On the other hand, in the comparative examples in which the metal hydroxide was used in combination with the carbon fine powder instead of the composite metal hydroxide, as in Comparative Examples 1 to 3, when the addition amount of the metal hydroxide was equal to that of the composite metal hydroxide of Examples 1 to 3, The flame retardancy can not be obtained.

When the metal hydroxide was added in an amount of 120 parts by weight for imparting flame retardancy as in Comparative Example 4, the required flame retardancy was obtained, but the tensile strength was 0.91 kg / mm and the elongation was 498% It was not possible and practical.

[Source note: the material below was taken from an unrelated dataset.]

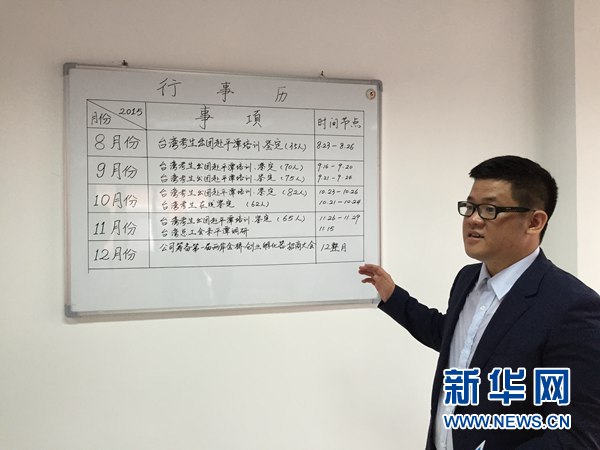 如今,孟憲霆構(gòu)想的平臺正有條不紊地運轉(zhuǎn)著?春闷教丁熬C合實驗區(qū)”和“自貿(mào)區(qū)”政策疊加蘊藏的光明前景,不久前他把機構(gòu)落戶在平潭臺灣創(chuàng)業(yè)園。墻上的行事歷顯示,從8月到11月,公司每個月都會組織臺灣學生出團赴平潭培訓、鑒定,相關(guān)工作已安排到了12月份。

By adding a specified amount of a flame retardant component composed of a composite metal hydroxide and a carbon fine powder to a halogen-free polyolefin resin, it is possible to achieve sufficient flame retardancy even in an amount smaller than the amount of the conventional metal hydroxide and to achieve low smoke- . It has become possible to drastically reduce the amount of the metal hydroxide and significantly prevent deterioration of the mechanical properties due to the addition of a large amount of hydroxide.

No content.

Claims (5)

60 to 150 parts by weight of a flame retardant component to which 1 to 20 parts by weight of carbon fine powder is added is added to 100 parts by weight of a polyolefin resin based on 100 parts by weight of a composite metal hydroxide represented by the general formula Mg ₁ x M ^{2 +} (OH) ₂ Low flammability and low toxicity flame retardant polyolefin compound. Wherein M ²⁺ is at least one selected from the group of divalent metal ions of Mn ²⁺ , Fe ²⁺ , Co ²⁺ , Ni ²⁺ , Cu ²⁺ and Zn ²⁺ , and X is 0.001? X Lt; = 0.9.] The low smoke and low toxic flame-retardant polyolefin compound according to claim 1, wherein the divalent metal ion M ²⁺ is at least one selected from the group consisting of Ni ²⁺ and Zn ²⁺ . The low-smoke, low toxic flame retardant polyolefin compound according to claim 1 or 2, wherein the flame retardant component is added in an amount of 80 to 130 parts by weight. The low-smoke, low toxic flame-retardant polyolefin compound according to any one of claims 1 to 3, wherein the amount of the carbon fine powder added is 1 to 15 parts by weight based on 100 parts by weight of the composite metal hydroxide. The polyolefin resin according to any one of claims 1 to 4, wherein the polyolefin resin is at least one selected from the group consisting of polyethylene, polypropylene, ethylene-ethyl acrylate copolymer and ethylene-vinyl acetate copolymer. Flame Retardant Polyolefin Compound. ※ Note: It is disclosed by the contents of the first application.